Shimon Peres' legacy
The saddest part about this Caroline Glick column is that most of the world still sees Slimy Shimon Peres as an angel in disguise and not as the sleaze bag he really is. Shimon Peres' legacy is a nuclear-armed Iran.Peres’s legacy will be Iran’s nuclear arsenal.
For years, many Israelis as well as Israel’s supporters in the US, the Sunni Arab states in the Persian Gulf and even the French have been scratching their heads wondering why Israel hasn’t struck Iran’s nuclear installations yet. Over the past few months, we received our answer.

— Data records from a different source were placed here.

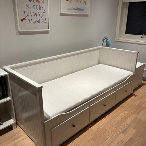 IKEA dagseng med tre skuffer i hvit utførelse. Modellen har rygg- og sidepaneler, samt sengebunn med lameller. Under sengen er det tre romslige skuffer med knotter i front for oppbevaring av sengetøy eller annet. Egnet som enkeltseng eller dagseng i soverom, gjesterom eller oppholdsrom. Flere overflater viser bruksspor og riper, se bilder for detaljer.
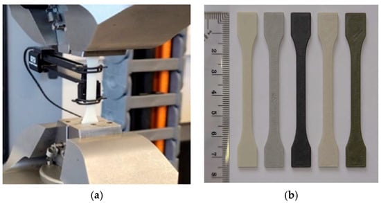 (a) Equipment used to perform tensile tests of 3D-printed samples; (b) 3D-printed test specimens fabricated from ABS and ABS-based composite filaments used for mechanical characterization. Materials are arranged from left to right as follows: ABS, ABS–5BN, ABS–30W, ABS–10Gd2O3, and ABS–30Bi2O3.
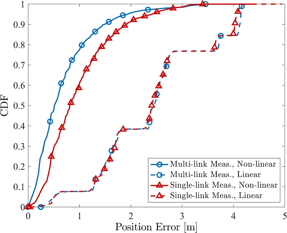 Finally, Fig. 11 compares the multi-link and single-link approaches when two different algorithms are used, i.e., the non-linear and linear least square. For the linear least-square case, the difference between the results obtained with the multi-link and single-link approaches is negligible.
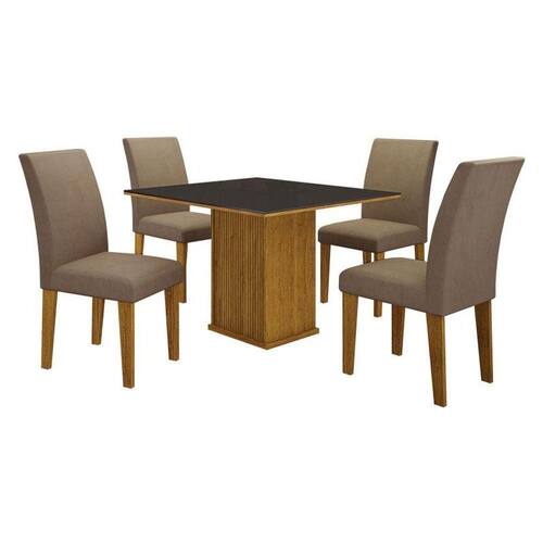 MDFMesa de Jantar Napoli 90x90 Reto Freijó Decor com 4 Cadeiras MDF Freijó Joli Camurça Leifer Móveis
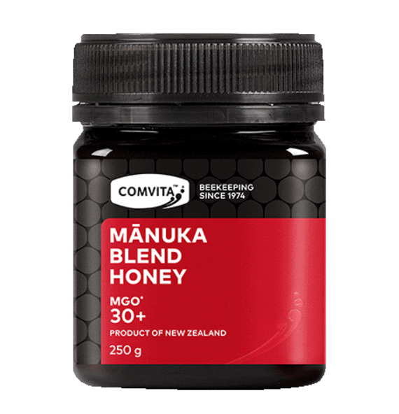 Comvita's Manuka Blend Honey MGO 30+ 250g is a premium blend of Manuka Honey from New Zealand's bountiful hives to deliver balanced nutrition and natural energy. Tested for MGO levels of 30+, this honey is packed with bioactive benefits for your health, containing naturally occurring antioxidants and enzymes for a dose of natural goodness.
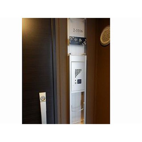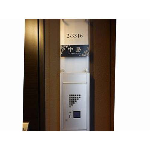 シックなブラウン基調の玄関先に、Flits(フィッツ)の色彩とデザイン、視認性の高い隷書体と部屋番号の書体が見事に調和していて、とても一体感がありますね。
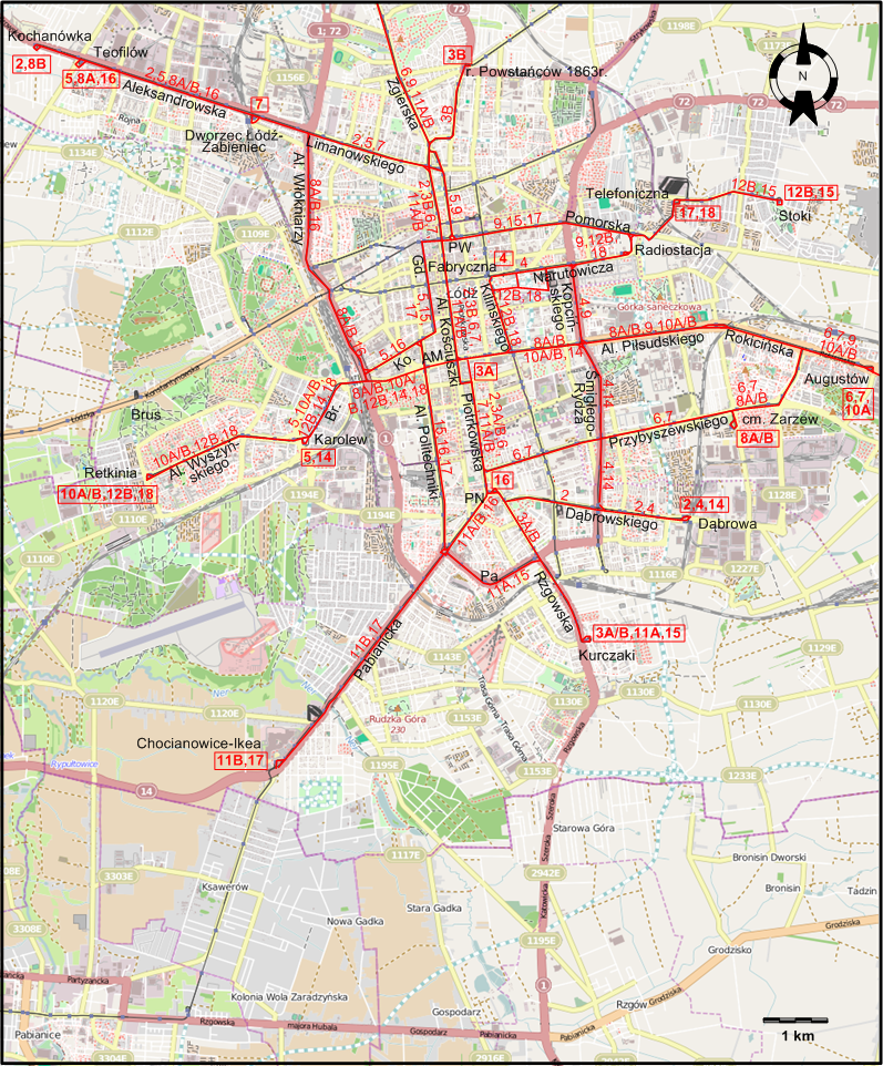 | 3B | r. Powstańców 1863r. - Al. Kościuszki - Piotrkowska – Rzgowska - Kurczaki |

The ongoing police investigation into allegedly illegal conduct by then-IDF Chief of Staff Lt.- Gen. Gabi Ashkenazi has revealed the source of Israel’s paralysis.
Apparently led by Peres, the triumvirate of security chiefs serving between 2008 and 2011 – Ashkenazi, then-Mossad director Meir Dagan and then-Shin Bet director Avi Dichter – colluded to undermine Prime Minister Binyamin Netanyahu’s and then-defense minister Ehud Barak’s legal authority to order Israel’s security forces to take action against Iran.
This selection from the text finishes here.